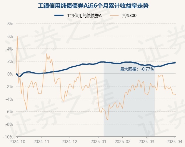 证券之星消息,4月1日,工银信用纯债债券A最新单位净值为1.4758元,累计净值为1.5168元,较前一交易日上涨0.02%。历史数据显示该基金近1个月上涨0.38%,近3个月上涨0.07%,近6个月上涨1.7%,近1年上涨3.28%。该基金近6个月的累计收益率走势如下图:
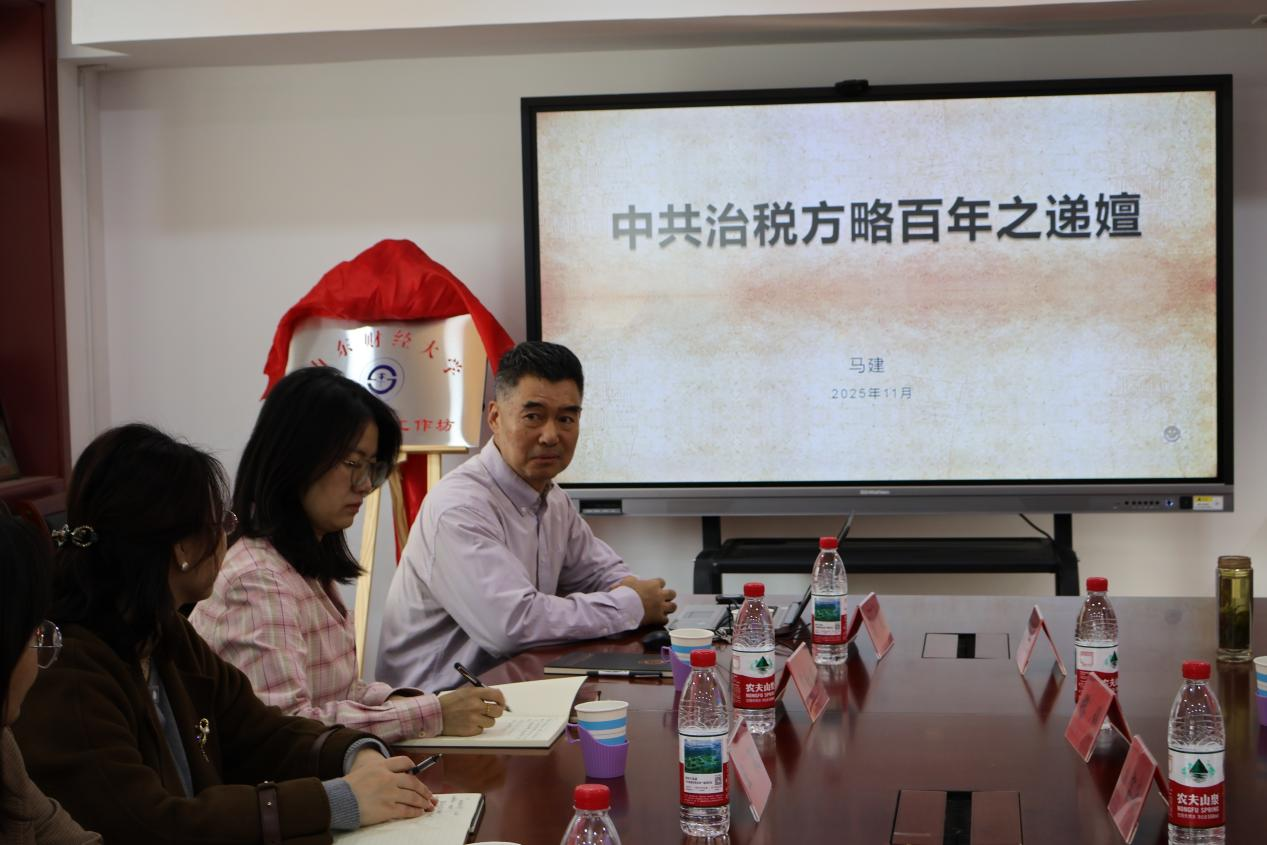 13日上午,在专题讲座部分,济南税务局研究所原所长马建研究员做了题为《中国共产党治税方略百年之递嬗》的讲座。马建系统梳理了无产阶级政党与税收的关系、百年治税历程及其时代启示。他系统介绍了中国税制从初创到成熟、从保障革命到赋能治理的历史性跨越,充分体现了党的坚强领导对税收事业发展的根本保障作用,展现了中国特色社会主义财税体制的优越性。王敏高度肯定了讲座的学术价值与育人意义,强调应进一步加强跨专业合作,推动红色财税精神融入学科建设与课程体系。武普照结合自身数十载的教学经验,分享了关于中国赋税史与中国共产党百年治税史的传承与发展关系。
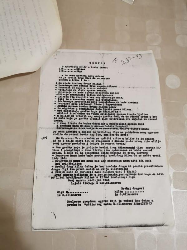Sudija je nekako uspeo da ih pomiri, ali je u spisima Opštinskog suda u Gornjem Milanovcu , kao dokaz, ostao ugovor sačinjen 1. jula 1963. godine, kojim je Sredoje odredio nova pravila bračne igre.
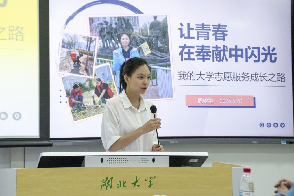 2021级地理科学(师范)专业周雯雯,分享了如何将志愿服务与专业发展相结合的心得。作为前学院团委副书记和第27届研究生支教团团长,在校期间,她不仅积极参与沙湖环保志愿队、红十字急救培训等公益实践,同时注重专业能力提升,先后考取教师资格证、参与地理学科竞赛并完成专业实习。谈及选择支教保研的初衷,她表示:“因为热爱所以选择”。在分享成长历程时,周雯雯以自身经历为例,建议学弟学妹们通过课堂研讨、科研项目、专业竞赛等多渠道提升综合素质,并鼓励大家勇于挑战自我,并表示参与环保志愿服务既是专业实践的延伸,也是缓解压力、实现自我价值的有效途径。最后,她也希望学弟学妹们能够珍惜大学时光,勇于尝试和追梦,用知识和努力创造美好未来。
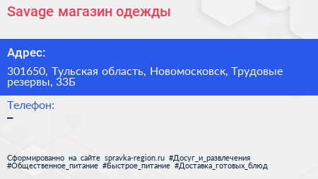 Savage, магазин одежды по адресу 301650, Тульская область, Новомосковск, Трудовые резервы, 33Б в дальнейшем Организация, размещена в следующих категориях:
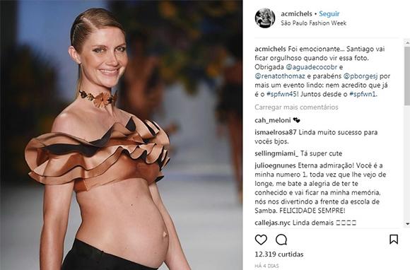O destaque da semana foi a modelo Ana Claudia Michels, que desfilou para a marca Água de Coco grávida de seis meses de Santiago, seu segundo filho. Em sua conta no instagram, a top escreveu: “Foi emocionante… Santiago vai ficar orgulhoso quando vir essa foto”.
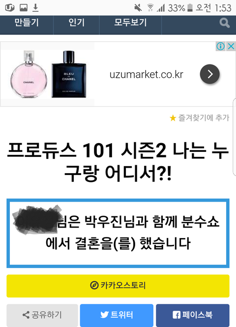 카카오스토리 보내기
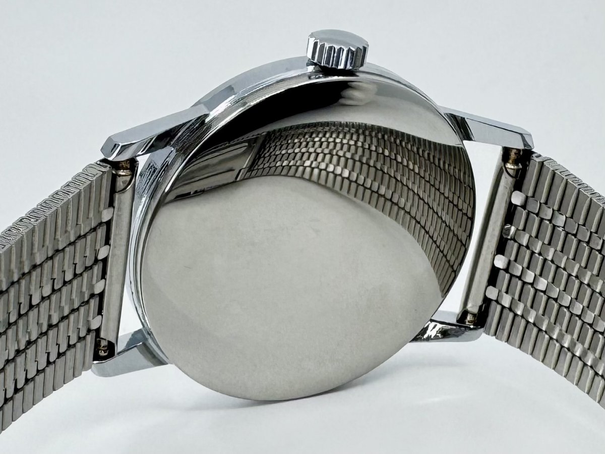 Chromované pouzdro je ve velmi dobrém stavu, s hezkým leskem a jen minimálními stopami nošení úměrnými věku. Hrany pouzdra jsou zachovalé, bez výrazných otluků, stejně jako zaklapávací dýnko. Korunka je originální, dobře se ovládá.

---*---

• _WORK TASK_:
Only exact lines belong in the answer: those from the beginning of the entries above through the line holding "Sudija je nekako", with no pictures.

• _EXERCISE RESULT_:
 证券之星消息,4月1日,工银信用纯债债券A最新单位净值为1.4758元,累计净值为1.5168元,较前一交易日上涨0.02%。历史数据显示该基金近1个月上涨0.38%,近3个月上涨0.07%,近6个月上涨1.7%,近1年上涨3.28%。该基金近6个月的累计收益率走势如下图:
 13日上午,在专题讲座部分,济南税务局研究所原所长马建研究员做了题为《中国共产党治税方略百年之递嬗》的讲座。马建系统梳理了无产阶级政党与税收的关系、百年治税历程及其时代启示。他系统介绍了中国税制从初创到成熟、从保障革命到赋能治理的历史性跨越,充分体现了党的坚强领导对税收事业发展的根本保障作用,展现了中国特色社会主义财税体制的优越性。王敏高度肯定了讲座的学术价值与育人意义,强调应进一步加强跨专业合作,推动红色财税精神融入学科建设与课程体系。武普照结合自身数十载的教学经验,分享了关于中国赋税史与中国共产党百年治税史的传承与发展关系。
Sudija je nekako uspeo da ih pomiri, ali je u spisima Opštinskog suda u Gornjem Milanovcu , kao dokaz, ostao ugovor sačinjen 1. jula 1963. godine, kojim je Sredoje odredio nova pravila bračne igre.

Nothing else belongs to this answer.